Unlikely colour matches paired yellow with violet or turquoise with purple, while the suit fabrics sometimes seemed to be rather too stuffy for summer.

Things took a somewhat kinky turn as a bare-chested model stepped out in shiny black patent trousers with a giant triangular bag looped over one shoulder through a disc in its centre.

Strutting their stuff in the old Paris stock exchange, Mr Cardin’s young models came off as oddly nonchalant, smirking at the cameras as if struggling to take the collection seriously.

By the time the catsuits arrived, in sequined black, brown or green velvet and leaving rather too little to the imagination, the audience was showing signs of strain as well.

But when a model lost his hat – catching it and jauntily holding it out for the audience – he got a friendly round of applause.

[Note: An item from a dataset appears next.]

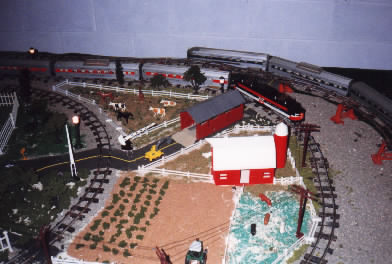 Charlie Bowen - has several 'scenes', this one being the wide open country. . .a farm in a rural area, complete with a Plasticville covered bridge.

And when Mr Cardin stepped out for a bow, after a finale of a dozen women models in futuristic tubular dresses with hula-hoop discs in their seams, the veteran designer earned a warm and genuine ovation.

Despite his age and a resumé that spans 65 years, retirement does not seem to be in Mr Cardin’s vocabulary.

“Aesthetics is simply my craft,” said the designer backstage. “I actually still have gas-oline for tomorrow.”

The multi-millionaire, who worked with Elsa Schiaparelli and Christian Dior in his 20s, has not been slowed by age.

“I was the youngest couturier in Paris when I started, and now I’m the oldest,” he said. “It’s extraordinary, I’m still here!”